Affected side: Increase in the price of crude oil reduces the supply of crude oil hence a decline in the supply of petroleum. The decline in the supply of petroleum results in contraction of the supply side of heating oil.

Effect: Increase in the price of crude oil results in a decline in the production of gasoline. This makes the supply curve of heating oil to shift to the left from SS1 to SS2.

Heating oil

Result: From the graph above, the price of heating oil increases from P1 to P2 while the quantity supplied declines from Q1 to Q2. Price P1 and quantity Q1 show the initial equilibrium position before the changes.

Fifth market: Gas

Event: Increase in the price of crude oil due to the global economic meltdown.

Relations: Processing of crude oil yields petroleum as one of the by-products. Petroleum goes through fractional distillation and yields several gasses.

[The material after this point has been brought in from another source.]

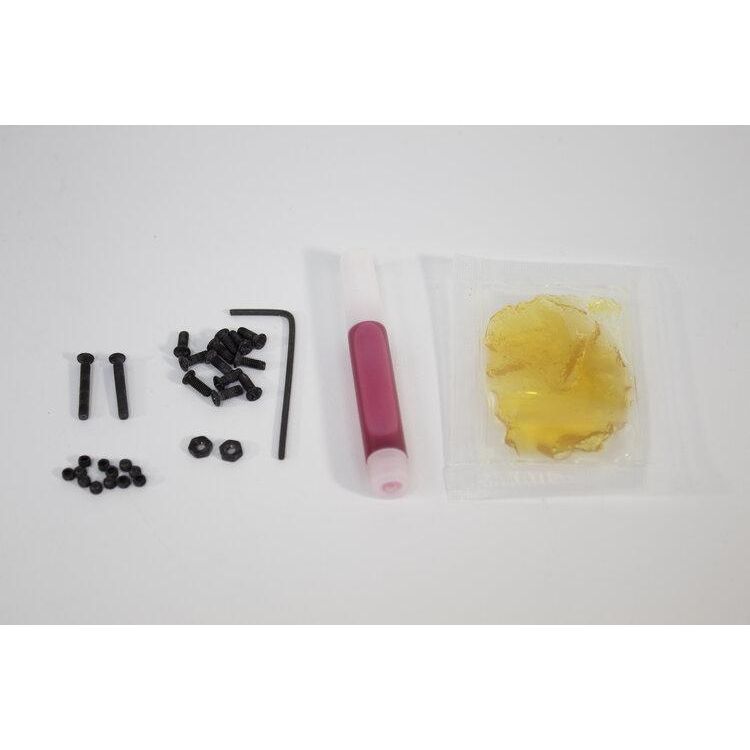 A packet of grease, thread locker, 1.5mm hex driver, some set screws, and 2.5mm screws.
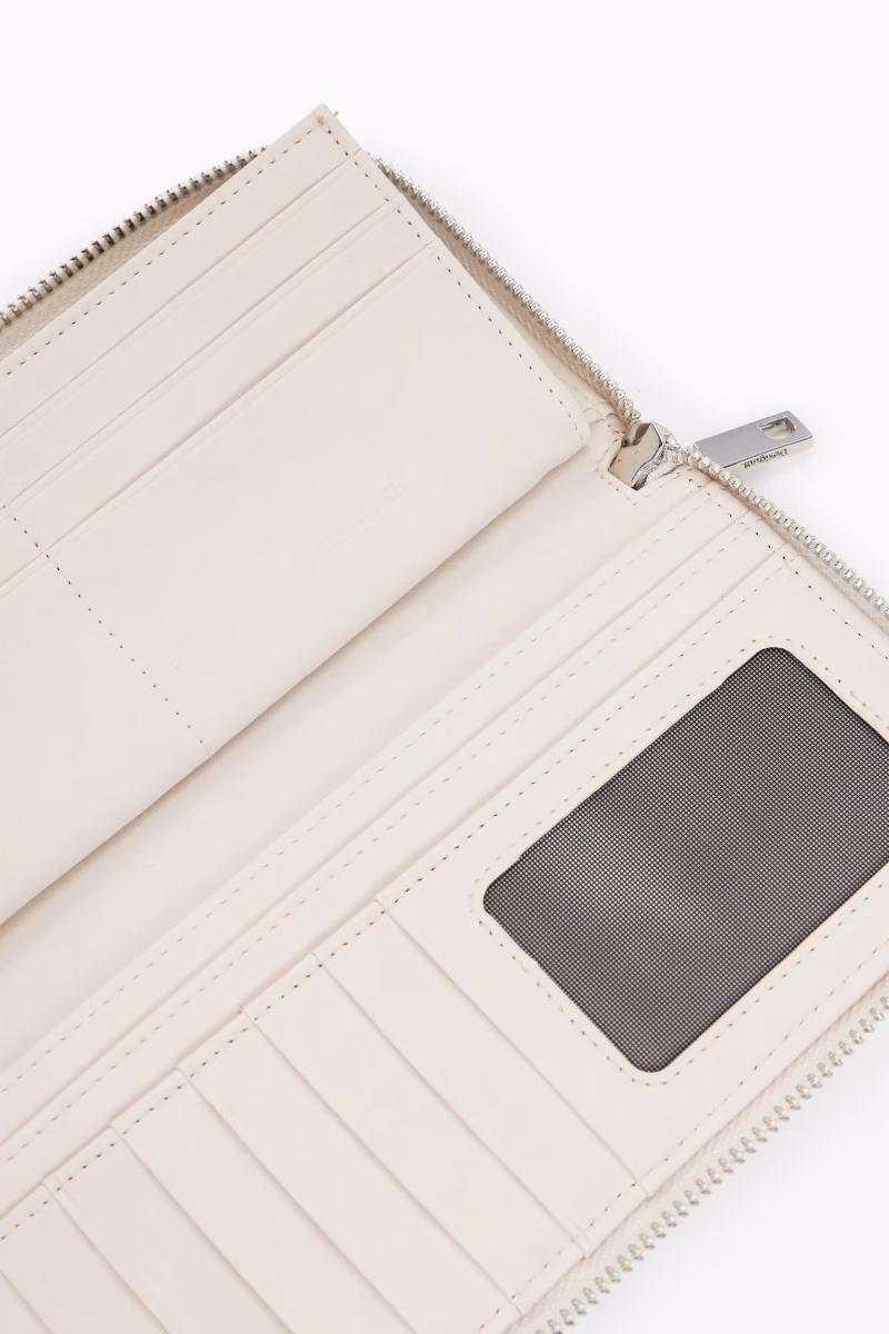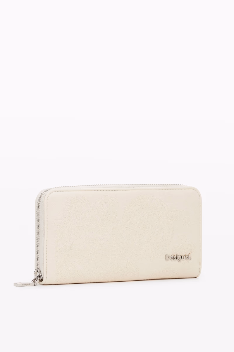 Wallet with leather effect with embroidered flowers and zip fastening

Affected side: Increase in the price of crude oil results in a decline in the production of petroleum. A decline in production petroleum results in a decline in production of gas thus contracts in the gas supply side.

Effect: Increase in the price of crude oil results in a decline in the production of gas. The supply curve shifts to the left from SS1 to SS2.

Gas

Result: From the graph above, the price of gas increases from P1 to P2 while the quantity supplied declines from Q1 to Q2. Price P1 and quantity Q1 show the initial equilibrium position before the changes.

Conclusion

The paper explains the effect of an increase in the price of crude oil on the economy. Specifically, it looks at the impact of an increase in prices of crude oil on the market for gasoline, cars, diesel, heating oil, and gas. From the discussion above, it is apparent that an increase in the price of crude oil affects the supply side of the economy massively. It causes a decline in the quantity supplied. This leads to an increase in the price of the byproducts.

An increase in the price of byproducts increases the cost of production of goods and services. Further, it leads to a decline in demand for byproducts which are consumed directly such as fuel for cars. This results in to increase in the price of goods and services and a decline in the equilibrium quantity.